PHP: Testing for the value of an array element when there is a chance that element doesn't exist

Assume I have an array $arr. It's possible that it has an element with a key named 'music' ($arr['music']), and I want to test whether that value equals "classical":

if($arr['music'] === 'classical'){
    //do something cool
}

However, it's possible that $arr does not have a value with the key 'music'. In order to avoid a PHP error, I therefore d开发者_如何学JAVAo the following:

if($arr['music']){
    if($arr['music'] === 'classical'){
        //do something cool
    }
}

This seems totally ridiculous. In MY opinion, if $arr['music'] doesn't exist, then it DEFINITELY doesn't equal 'classical'. Is there a way to avoid first testing whether a key exists before testing it's value?
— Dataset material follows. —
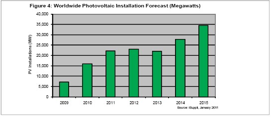 此外,预计2011年西班牙、法国和捷克的PV市场不会扩张,这些国家正在推行严格的措施来限制其国内的太阳能投资热潮。

If the key does not exist it will throw an error (or a warning).
So in order for that to happen, you have to check if it does exist.
Here are two ways to do that:

You can check it using isset() (which will be false if $arr['music'] == null):

if(isset($arr['music']) && $arr['music'] === 'classical'){ 
    //do something cool
}

Or use array_key_exists():

if(array_key_exists('music', $arr) && $arr['music'] === 'classical'){
    //do something cool
}

I think array_key_exists() meets your needs.

There is another solution. Some people doesn't like it because it uses the '@' sign, but I find it very readable so I use it.

if (@$arr['music'] === 'classical') ...

That's all. For me, the best readable solution.